◆ **DATA BLOCK**:
^^^^^^^^

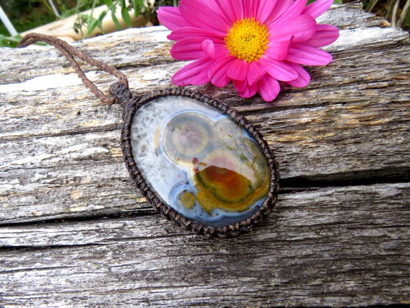 👉FOR USA BUYERS: ALL PRICES IN OUR SHOP INCLUDE APPLICABLE DUTIES/TARIFSS - YOU WILL NOT BE CHARGED DUTIES AGAIN WHEN YOUR ORDER ARRIVES. ALL DUTIES BETWEEN CANADA/USA ARE PRE-PAID BY THE SELLER AND SUBMITTED TO OUR SHIPPING CARRIER. AGAIN, YOU WILL NOT HAVE TO PAY DUTIES AGAIN WHEN YOU RECEIVE YOUR ORDER. SHIPPING IS FREE 🌹Fantastic and RARE Turkish Agate macrame necklace -✨ Phenomenal Agate from Turkey - fascinating orbs and unique colors ! Incredible addition to your gemstone treasure box ✨
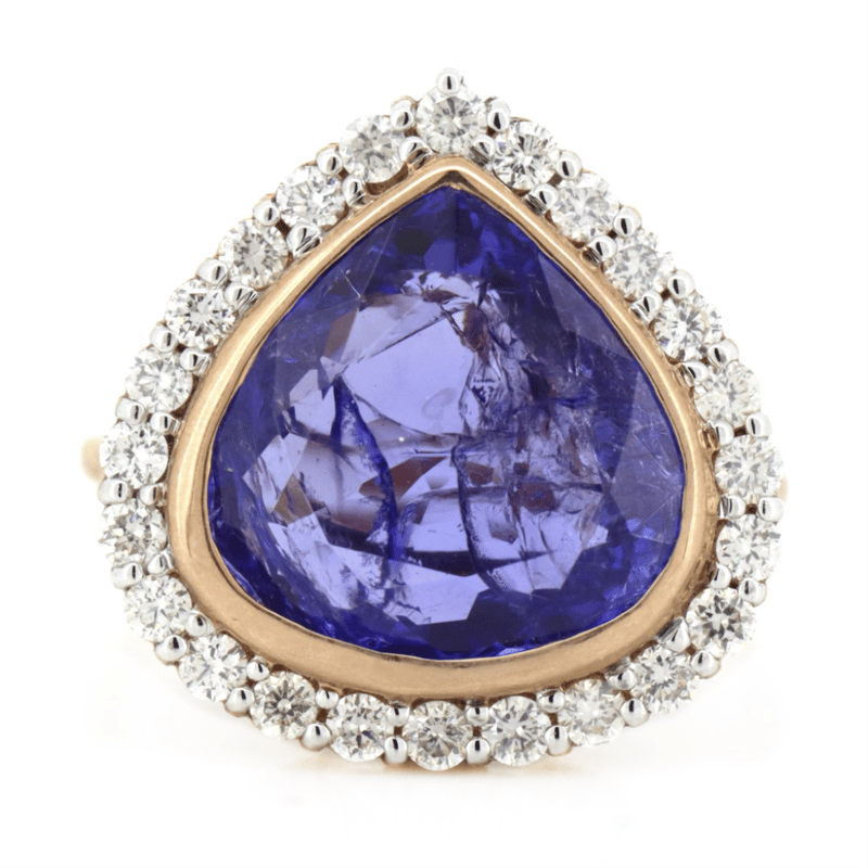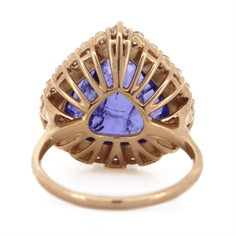14K ROSE GOLD, TANZANITE AND DIAMOND, HALO RING.
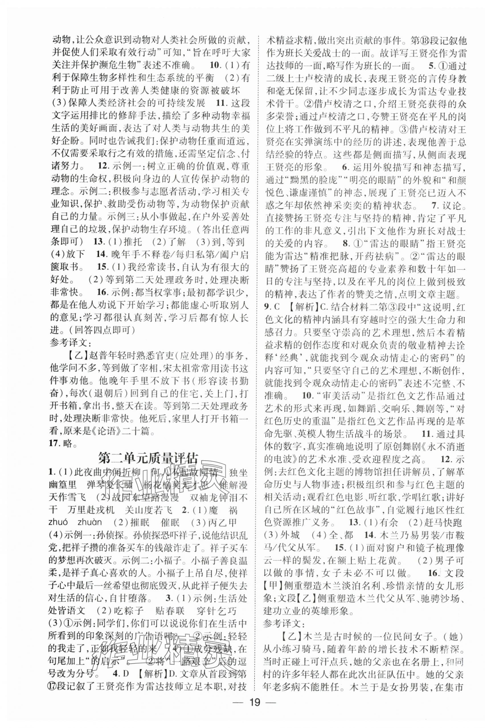 注:目前有些书本章节名称可能整理的还不是很完善,但都是按照顺序排列的,请同学们按照顺序仔细查找。练习册 2025年精英新课堂七年级语文下册人教版安徽专版 答案主要是用来给同学们做完题方便对答案用的,请勿直接抄袭。

^^^^^^^^

◆ **PROBLEM STATEMENT**:
Any picture in the material is to be left out, and everything else is to be retyped as is.

◆ **RESULT FOR THIS EXERCISE**:
 👉FOR USA BUYERS: ALL PRICES IN OUR SHOP INCLUDE APPLICABLE DUTIES/TARIFSS - YOU WILL NOT BE CHARGED DUTIES AGAIN WHEN YOUR ORDER ARRIVES. ALL DUTIES BETWEEN CANADA/USA ARE PRE-PAID BY THE SELLER AND SUBMITTED TO OUR SHIPPING CARRIER. AGAIN, YOU WILL NOT HAVE TO PAY DUTIES AGAIN WHEN YOU RECEIVE YOUR ORDER. SHIPPING IS FREE 🌹Fantastic and RARE Turkish Agate macrame necklace -✨ Phenomenal Agate from Turkey - fascinating orbs and unique colors ! Incredible addition to your gemstone treasure box ✨
14K ROSE GOLD, TANZANITE AND DIAMOND, HALO RING.
 注:目前有些书本章节名称可能整理的还不是很完善,但都是按照顺序排列的,请同学们按照顺序仔细查找。练习册 2025年精英新课堂七年级语文下册人教版安徽专版 答案主要是用来给同学们做完题方便对答案用的,请勿直接抄袭。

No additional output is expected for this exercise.